I needed to find out more about this family.
I messaged Beth through Instagram; she was kind and forthcoming and willing to talk. So one sunny Monday afternoon a couple weeks later, I gave her a call.
Beth grew up in Michigan in a religious community that modeled the importance of selfless service. When Beth was fifteen, her aunt and uncle decided to adopt a young girl from Quito, Ecuador. The child was born with arthrogryposis, a condition that causes issues with motor functioning — the same rare genetic condition that her aunt and uncle’s two biological children had. Beth cared for her cousins often, and she remembers thinking that she would likely never be able to parent a child with impaired motor function. The inconvenience of navigating a world that isn’t made for disabled bodies seemed far too difficult.

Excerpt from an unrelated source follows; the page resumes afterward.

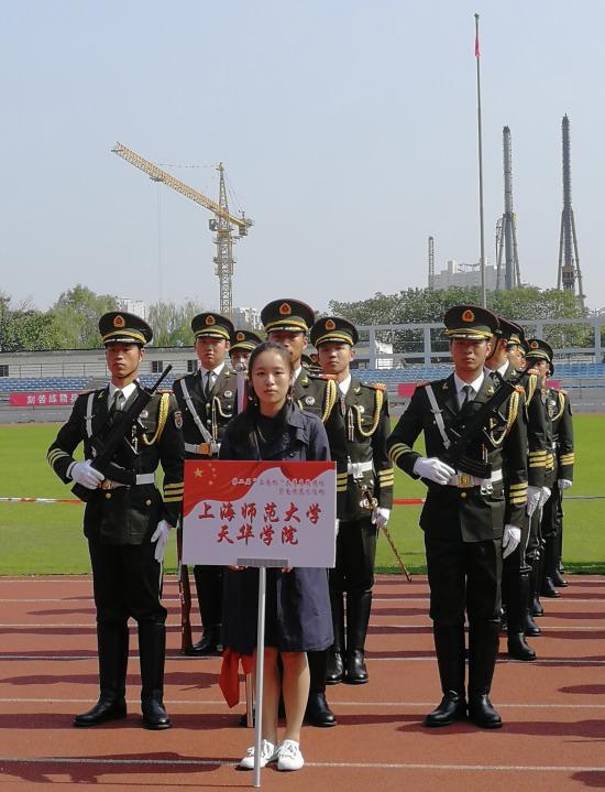 我校由国防军训科科长刘庆奇带队、上海师范大学天华学院国旗护卫班班组成的参赛队以良好的精神风貌,严整的军容,整齐划一的动作,完整的战术编排,赢得阵阵喝彩,给观众留下了深刻的印象。

Beth traveled with her aunt and uncle to South America for the month-long adoption process to care for her cousins. There, they stayed in orphanage on a large missionary campus. One day, the quiet of afternoon naptime swept the campus, and Beth found herself nestled on a sofa in the guest house with soft afternoon sun spilling through the windows.
“I was holding a little girl named Sophia,” Beth said over the phone, her tone quick and slightly breathless as she battled a cold. “She was a six-week-old preemie born with NAS… I just remember looking at her face and crying, wondering how someone could have left her. God very specifically spoke to my heart that day and said, ‘This is what you’re doing with your life.’”

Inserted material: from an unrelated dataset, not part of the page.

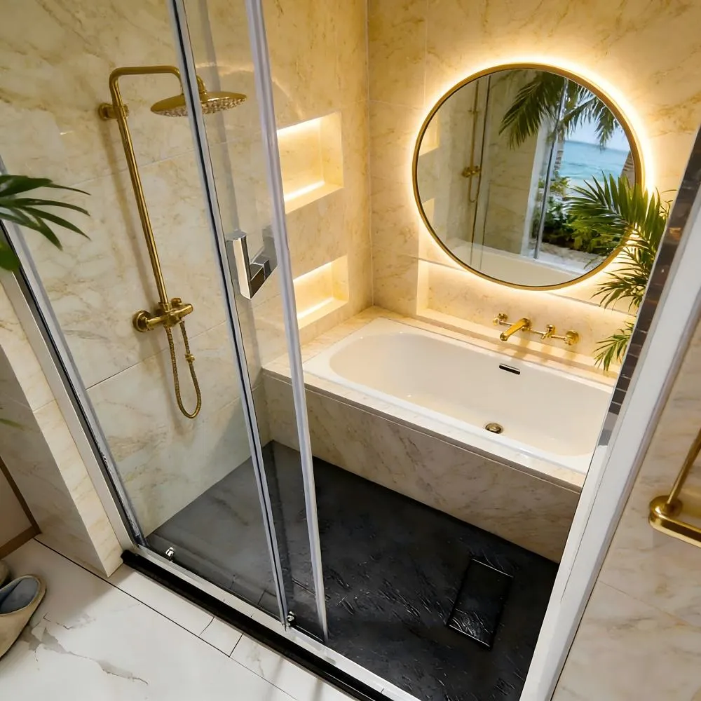Crafted from a single piece of SMC via high-temperature compression molding, it has no seams or joints, eliminating water seepage at the source. The material is acid and alkali resistant, anti-aging, crack-proof and deformation-resistant, offering a far longer service life than traditional tiled shower areas.

A year after she graduated college, Beth sat at her church in Knoxville, Tennessee, where she was a classroom teacher at a Christian school. That day, her friend, the director of a pro-life women’s clinic, talked about what it meant to be pro-life. “He was saying that pro-life means being pro-life not just pro-birth and getting people to have babies, but being there for women and children and men in every state of life.” He specifically discussed the importance of foster care and the role drugs may play in the need for foster care.
Beth realized that her time to foster had arrived.
The next day she started calling Christian foster organization, but because she was only 24 years old, Beth didn’t meet the age requirement. The Tennessee Department of Child Services (DCS) had no qualms with her age and signed her up for classes starting the next week.
“Twelve days after I felt God called me to do foster care, I was doing it,” Beth said.
Her first child, a newborn, was only with her for 44 hours before being placed in a home with other siblings. At the time, Beth said she couldn’t accept the newborn’s two siblings into her home, so she left it up to those who could.
“And now here I am with five girls,” she said, laughing.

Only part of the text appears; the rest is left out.